--- Supplied records Enclosed Below ---

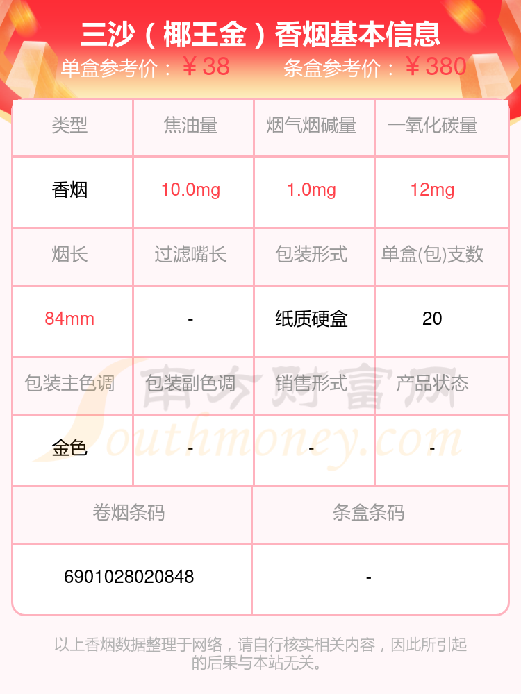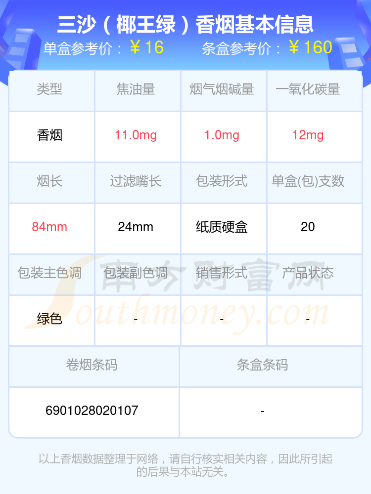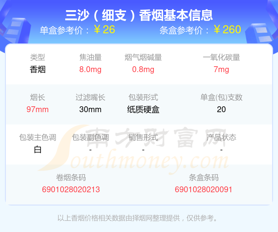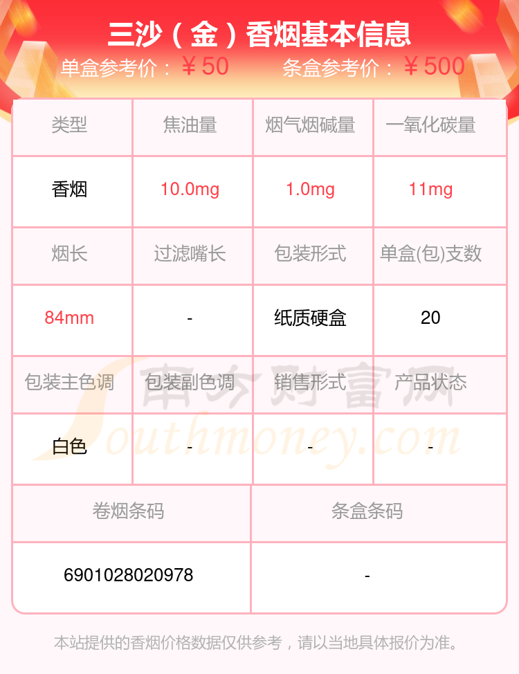 三沙(金)参考价50.0元/包、三沙(椰王金)参考价38.0元/包、三沙(细支)参考价26.0元/包、三沙(中支)参考价26.0元/包、三沙(椰王绿)参考价16.0元/包等。
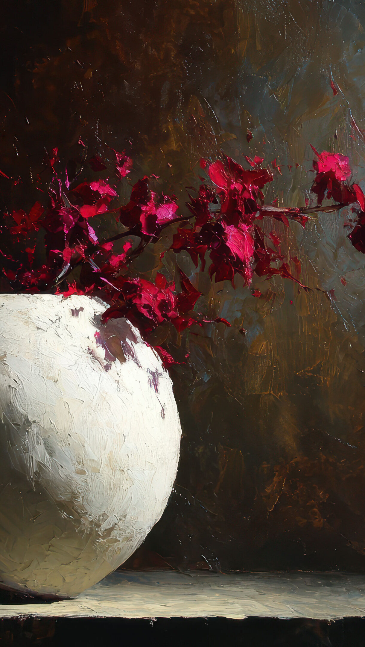 A striking 4K wallpaper presents an abstract realism minimalist still life painting, depicting vivid red flowers elegantly arranged in a textured white spherical vase on a dark surface. The composition’s bold impasto brushstrokes and the interplay of light and shadow against the richly mottled, somber background evoke a dramatic yet serene mood.
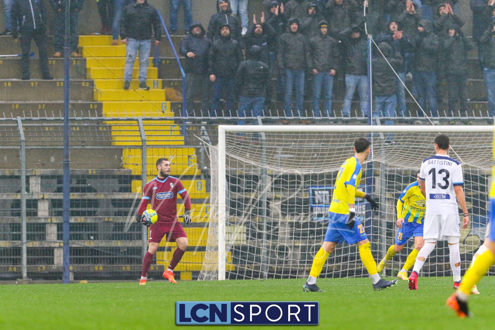 Il Lecco reagisce e al 17′ ha una bella occasione con Buso che, ritrovatosi nel cuore dell’area, cerca di piazzare l’interno destro sul secondo palo ma mette a lato. Iori calcia al 23′ a tu per tu con il portiere bluceleste, che para, ma è fuorigioco.
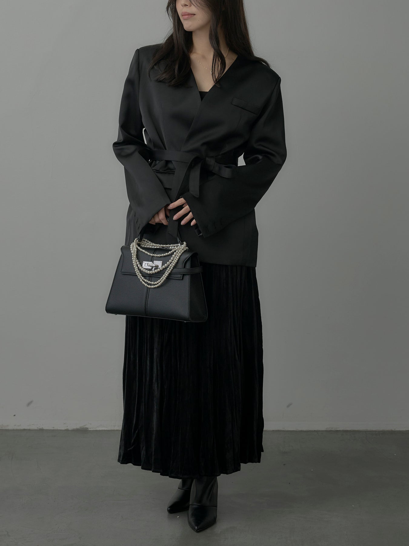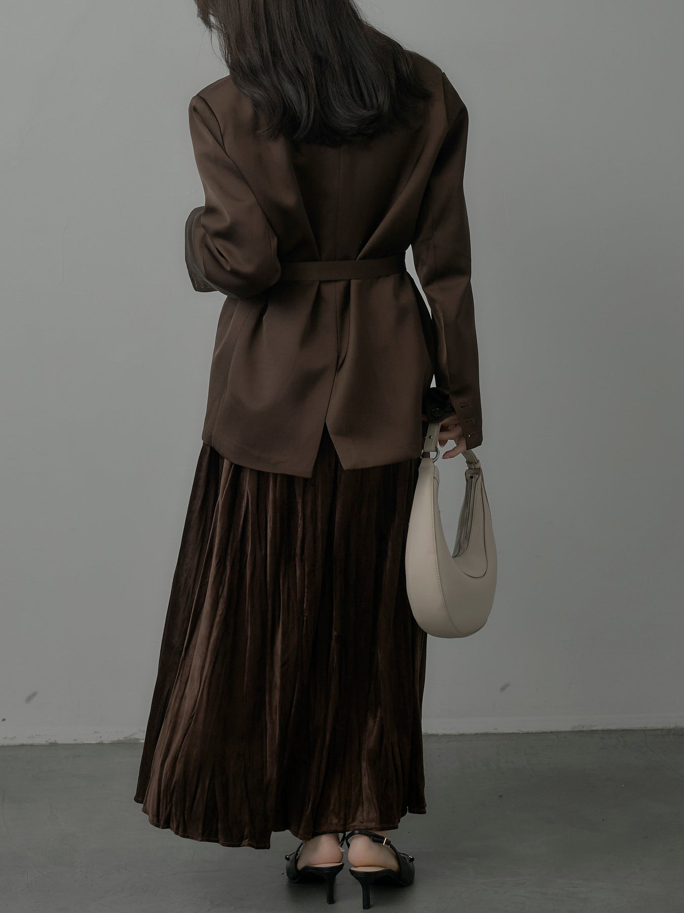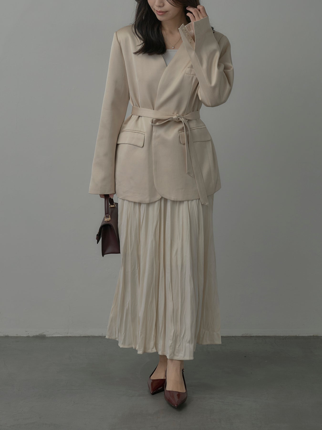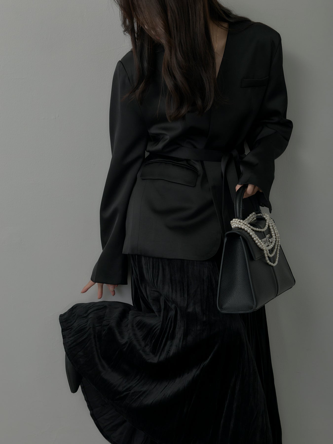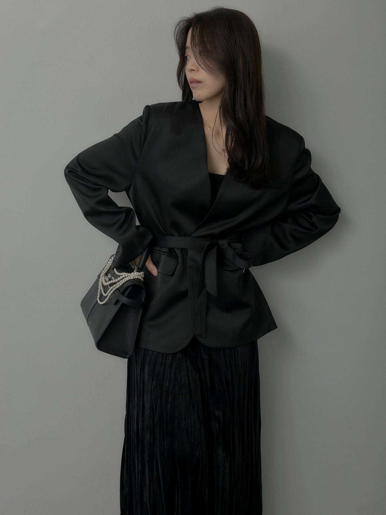 【SET】ノーカラーサテンジャケット+ベロアワッシャープリーツスカート(2set)
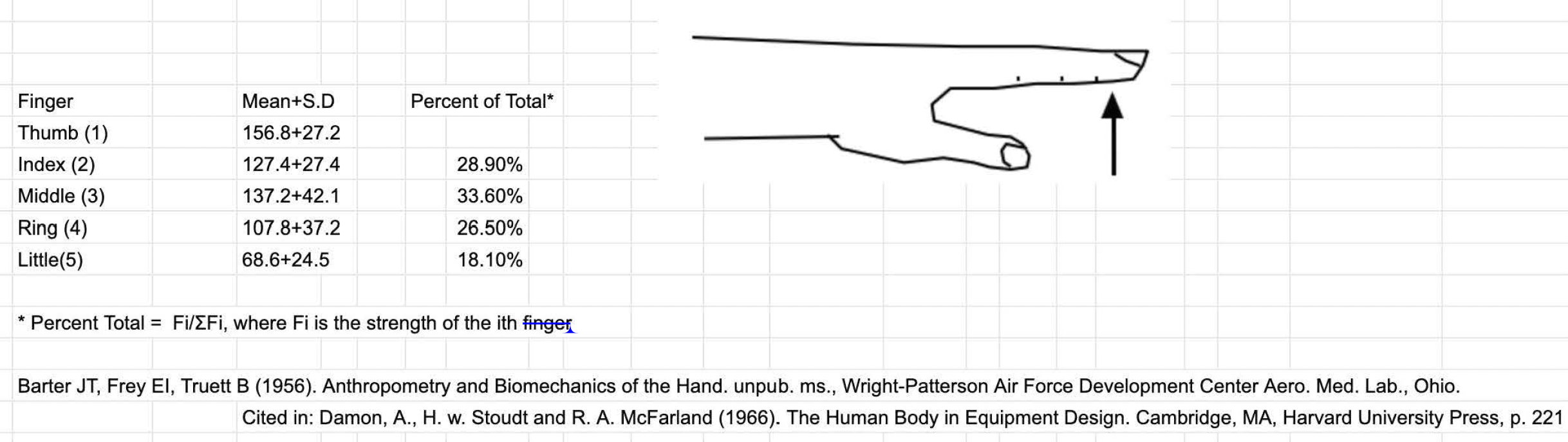 Kroemer K, Gienapp E (1970): Hand-held device to measure finger (thumb) strenght. J Appl Phys. 29(4):526-7.
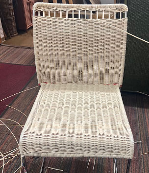 Bilder oben: Die Restaurierung eines Geflechtes an einem italienischen Design-Klassikers. Peddigrohr-Stahl-Stuhl
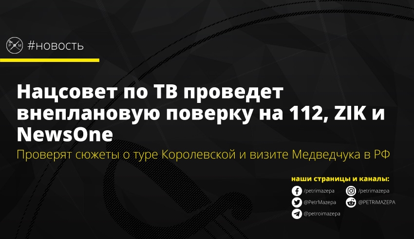 Национальный совет по вопросам телевидения и радиовещания назначил выездные внеплановые проверки телеканалам ZIK, 112 Украина и NewsOne за нарушения, связанные с предвыборной агитацией. Также вопросы есть к материалам о встрече Виктора Медведчука с Владимиром Путиным.
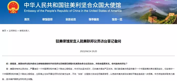 同在15日,國防部新聞發言人吳謙表示,近期,美國國會議員不顧中方強烈反對,蓄意挑釁,竄訪台灣。中國人民解放軍厲兵秣馬,將採取一切必要措施堅決挫敗外部勢力干涉和「台獨」分裂圖謀,堅決捍衛國家主權和領土完整。
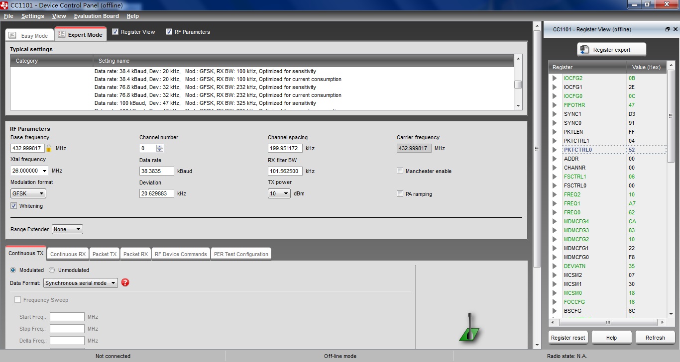 base frequency=432.9999817mhz,data rate=38.3835kbaud,其他参数均根据smart rf生成,因为smart rf中的cc1101里expert mode没有433选择,所以使用了generic 868Mhz的参数,在generic 868Mhz里选择38.4,Optimized for sensitivity,然后base frequency改成432.9999817,Tx Power改成10,其他不改。
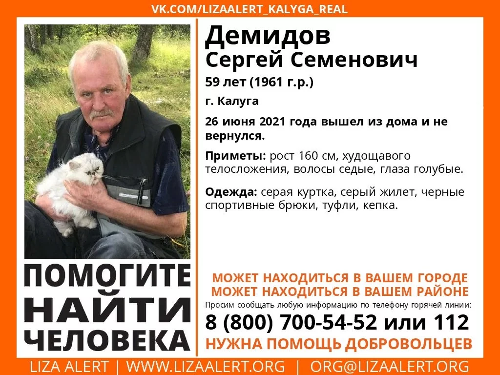 59-летний ДЕМИДОВ Сергей Семенович пропал в Калуге, передает поисково-спасательный отряд «Лиза Алерт» в субботу, 10 июля.
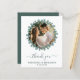 Envíe notas de agradecimiento a sus amigos y familia desde su boda con estas elegantes tarjetas de agradecimiento de eucalipto verde y moderno. Personalizar estas tarjetas de agradecimiento boda con tu foto boda favorita, y mensajes y nombres personales. Este boda de verdor único gracias a las tarjetas hará una impresión duradera, sus invitados, familia y amigos!! DERECHOS RESERVADOS © 2020 Judy Burrows, Black Dog Art - Todos los derechos reservados. Eucalyptus Photo Modern Boda Gracias
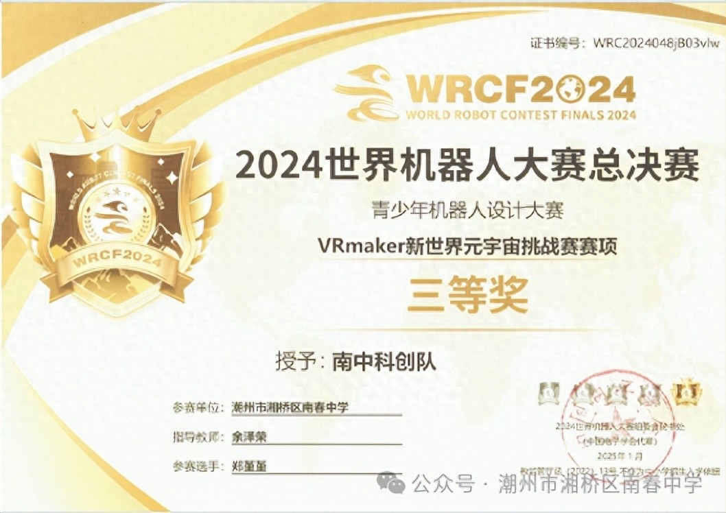 在刚刚落幕的2024世界机器人大赛总决赛中,南春中学高二级学生郑堇堇凭借作品《智能校园教学楼》在VRmaker新世界元宇宙挑战赛赛项中脱颖而出,荣获全国三等奖!这是继我校在多项科创赛事中获奖后,又一次在国际级舞台上展现硬核实力的荣耀时刻!

--- End of Enclosed Supplied records ---

## Problem description
Write out again exactly the lines from the start of the data above through the line containing "59-летний ДЕМИДОВ Сергей", inclusive, excluding any pictures.

## Task result
 三沙(金)参考价50.0元/包、三沙(椰王金)参考价38.0元/包、三沙(细支)参考价26.0元/包、三沙(中支)参考价26.0元/包、三沙(椰王绿)参考价16.0元/包等。
 A striking 4K wallpaper presents an abstract realism minimalist still life painting, depicting vivid red flowers elegantly arranged in a textured white spherical vase on a dark surface. The composition’s bold impasto brushstrokes and the interplay of light and shadow against the richly mottled, somber background evoke a dramatic yet serene mood.
 Il Lecco reagisce e al 17′ ha una bella occasione con Buso che, ritrovatosi nel cuore dell’area, cerca di piazzare l’interno destro sul secondo palo ma mette a lato. Iori calcia al 23′ a tu per tu con il portiere bluceleste, che para, ma è fuorigioco.
 【SET】ノーカラーサテンジャケット+ベロアワッシャープリーツスカート(2set)
 Kroemer K, Gienapp E (1970): Hand-held device to measure finger (thumb) strenght. J Appl Phys. 29(4):526-7.
 Bilder oben: Die Restaurierung eines Geflechtes an einem italienischen Design-Klassikers. Peddigrohr-Stahl-Stuhl
 Национальный совет по вопросам телевидения и радиовещания назначил выездные внеплановые проверки телеканалам ZIK, 112 Украина и NewsOne за нарушения, связанные с предвыборной агитацией. Также вопросы есть к материалам о встрече Виктора Медведчука с Владимиром Путиным.
 同在15日,國防部新聞發言人吳謙表示,近期,美國國會議員不顧中方強烈反對,蓄意挑釁,竄訪台灣。中國人民解放軍厲兵秣馬,將採取一切必要措施堅決挫敗外部勢力干涉和「台獨」分裂圖謀,堅決捍衛國家主權和領土完整。
 base frequency=432.9999817mhz,data rate=38.3835kbaud,其他参数均根据smart rf生成,因为smart rf中的cc1101里expert mode没有433选择,所以使用了generic 868Mhz的参数,在generic 868Mhz里选择38.4,Optimized for sensitivity,然后base frequency改成432.9999817,Tx Power改成10,其他不改。
 59-летний ДЕМИДОВ Сергей Семенович пропал в Калуге, передает поисково-спасательный отряд «Лиза Алерт» в субботу, 10 июля.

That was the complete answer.